I have been told this whole, just do it thing, this is the only hobby I have heard of that really pushes that, yes I get the point of stop sitting around second guessing, which is expected in any other hobby or any aspect in life, Im not second guessing, Im researching, it would be silly to just buy something, I have always researched, Ive always been able to buy the same products as the other guy at much cheaper prices and learn how to do things properly with little mistakes through using forums, and asking questions first, and then researching lots before jumping. My crowning glory was a scratch built 6ft wingspan Spitfire that was fully detailed with working canopy, animated pilot, and working exhaust stacks that came direct form the engines motor. People were shocked it didnt cost me over $5000 but it cost me only me $2000 all up, because I researched and took my time understanding first. The same mistakes are made by new people in RC who just jump in, they buy a P51 mustang, or the dreaded elliptical winged Spitfire and crash it first go, instead of researching and realizing theres safer, cheaper beginnings. 

And besides the fact, jump in or not, questions asked or not, my point of this post was the fact I have never seen such a divide between people in any hobby or interest, even RC's great rivalry of nitro vs electric doesnt get such an open contest.
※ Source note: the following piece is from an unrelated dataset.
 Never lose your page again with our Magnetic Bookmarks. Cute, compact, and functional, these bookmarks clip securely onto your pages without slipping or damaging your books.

If the questions asked its normally simply put the differences, and differences in cost, and what appeals to the person asking. If any one says ones better in a nasty way, looking for a fight so to speak, they normally get shot down, theres obviously always one. And my post was just me saying I have not seen such a disagreement especially considering the type of hobby, its slow paced and relaxing and actually quite personal, its in your home, not an airfield or public area. And that RC airplanes actually has this stigma, that you quite often get one side against the other, but quite suprising that it didnt happen, the only thing I found was that some older people in the hobby seemed to have an issue with younger members not knowing how to build from scratch, yet didnt want to teach the younger members, they felt that if they had to learn alone and make mistakes so do the new ones, which i feel is wrong, isnt the point of the hobby teaching others not to make those mistakes so it can be even more enjoyable? Isnt that the main point of an online forum in swapping information, showing mistakes and explaining to new members the better way of doing things, from your experience? you dont have to answer the questions, but to say to a guy who just starting out who asks what power, locos and track to use, stop thinking about it, set a value and go buy something and if its wrong oh well try again as thats what we all do, is a bit harsh. I hope that one day when I am experienced I can say look which ever way you go, at least dont make these mistakes, no I didnt make them myself but the guys I asked the same questions to told these same things. 
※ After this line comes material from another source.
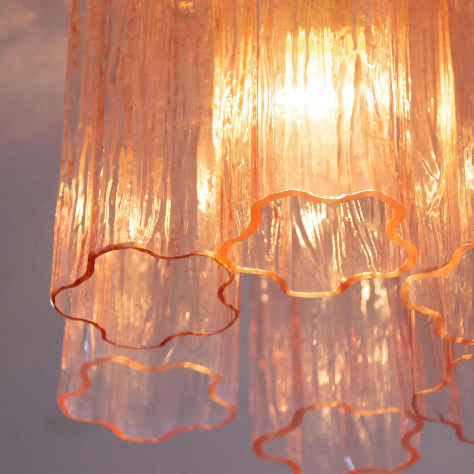 Spesifikasjoner: • Håndlaget i Murano, Italia • Farge: Pink (andre farger på forespørsel) • Dimensjoner: Ø20 × H23 cm • Dekorative elementer: 6 glassrør • Ramme: Messing eller nikkel • Lyskilde: 1 × E12/E14 (ikke inkludert)

But again I guess it doesnt matter, I asked the questions, some where answered some werent, Ive actually been getting help from some others on here and from another place too. Ill continue asking the questions here and other places, I dont see whats wrong with asking, Im asking for facts, Ill do the hard work my self, as to what i can and cant do, I dont see whats wrong with that, they arent stupid questions, as far as I can see. If you feel they are too hard to answer peoples questions then isnt it easier to just not answer instead of saying go do it take a blind leap? My original post was about the struggle to be intimidated away from the hobby through seeing these arguments of the people who know and yes I do regret putting this post up to some point, but will not back down on the fact that I dont want to take a blind leap, I would like to be guided, if I make it hard but doing my own circles then just ignore me. But I am not the only one who seems to find these things so. 

To be perfectly honest I dont know how to end this right, so I guess Ill leave it by saying I know what I would like, I dont know if I can do it, I dont even know what I could afford or whether I should move on because the cost will go so high before I even go past a 6ft loop, so I asked a couple of questions, only ended up being slightly more confused, not with what I want, but with what the costs could evolve. Not frustrated, I dont stand any different then before I asked the questions, I still watch videos, I still read books and articles. My disheartened state came from the shock in that the way things were said and done at times is all. And maybe this thread should be ended, as its definatelly taken the wrong way for some people.


----------



## Exile182 (Jan 26, 2013)

Gary, I did not say that I would start there, only it interests me, is that wrong? and is it wrong to start there? I see a lot of others have and do, and from what I researched, read, and seen, a lot of people who do start on it are teenagers, and they start with kits, now do all kits need soldering? I actually watched a full TV series where a lot of people started with kit live steam, it looked like they were just needing assembly and painting, all the welding was done. I could be wrong but I also read and seen that its a cheaper way to start out in it. But again thats another thread, and actually quite different to what I asked had posted for on here. But if I were to start on something like a kit that needed soldering or welding, the same style of questions arise, and thats how, why and where, same with the other powers, so following the do I really want to start with it? I have no idea, but then do I really want to start with running wires, either track based, or inside the loco itself? either way I have to do something so I ask questions. Again though, thats another post about something separate from this one, I have been told by many members to dont worry and just ask away. 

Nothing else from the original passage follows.